**Dataset entries**.
--------------------
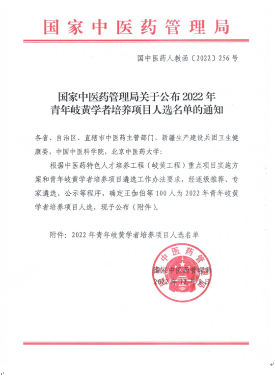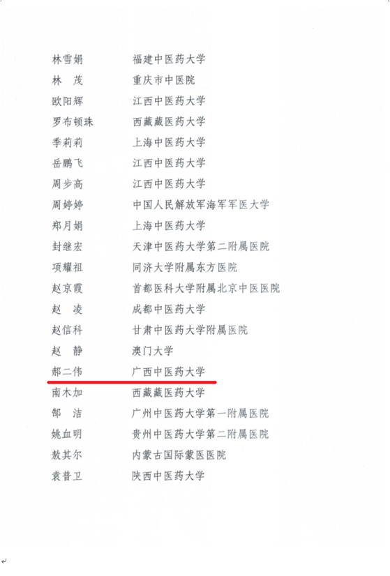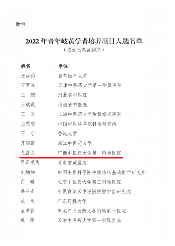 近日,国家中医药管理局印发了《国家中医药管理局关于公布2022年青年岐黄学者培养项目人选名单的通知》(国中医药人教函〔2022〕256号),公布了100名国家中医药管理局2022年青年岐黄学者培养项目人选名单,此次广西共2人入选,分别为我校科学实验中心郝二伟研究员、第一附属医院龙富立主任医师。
--------------------
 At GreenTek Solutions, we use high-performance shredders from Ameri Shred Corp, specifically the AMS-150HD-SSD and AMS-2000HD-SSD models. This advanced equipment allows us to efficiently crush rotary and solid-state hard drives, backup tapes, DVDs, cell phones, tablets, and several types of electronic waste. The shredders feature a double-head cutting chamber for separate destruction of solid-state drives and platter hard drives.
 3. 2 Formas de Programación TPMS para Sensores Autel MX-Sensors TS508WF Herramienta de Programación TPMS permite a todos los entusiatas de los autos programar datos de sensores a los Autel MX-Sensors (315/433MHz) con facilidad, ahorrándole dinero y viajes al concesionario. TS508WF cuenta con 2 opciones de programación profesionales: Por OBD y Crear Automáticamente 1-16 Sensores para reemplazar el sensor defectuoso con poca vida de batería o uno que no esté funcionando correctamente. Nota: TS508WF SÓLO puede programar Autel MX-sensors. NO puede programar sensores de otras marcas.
--------------------
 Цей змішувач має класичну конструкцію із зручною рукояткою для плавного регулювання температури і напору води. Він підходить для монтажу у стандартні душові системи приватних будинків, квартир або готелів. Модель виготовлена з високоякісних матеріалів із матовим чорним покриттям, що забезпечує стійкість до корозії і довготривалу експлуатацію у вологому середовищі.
--------------------
Please output exactly the lines between the one holding "At GreenTek Solutions, we" and the one holding "3. 2 Formas" in the records above, inclusive, and nothing more.

**Final answer**.
 At GreenTek Solutions, we use high-performance shredders from Ameri Shred Corp, specifically the AMS-150HD-SSD and AMS-2000HD-SSD models. This advanced equipment allows us to efficiently crush rotary and solid-state hard drives, backup tapes, DVDs, cell phones, tablets, and several types of electronic waste. The shredders feature a double-head cutting chamber for separate destruction of solid-state drives and platter hard drives.
 3. 2 Formas de Programación TPMS para Sensores Autel MX-Sensors TS508WF Herramienta de Programación TPMS permite a todos los entusiatas de los autos programar datos de sensores a los Autel MX-Sensors (315/433MHz) con facilidad, ahorrándole dinero y viajes al concesionario. TS508WF cuenta con 2 opciones de programación profesionales: Por OBD y Crear Automáticamente 1-16 Sensores para reemplazar el sensor defectuoso con poca vida de batería o uno que no esté funcionando correctamente. Nota: TS508WF SÓLO puede programar Autel MX-sensors. NO puede programar sensores de otras marcas.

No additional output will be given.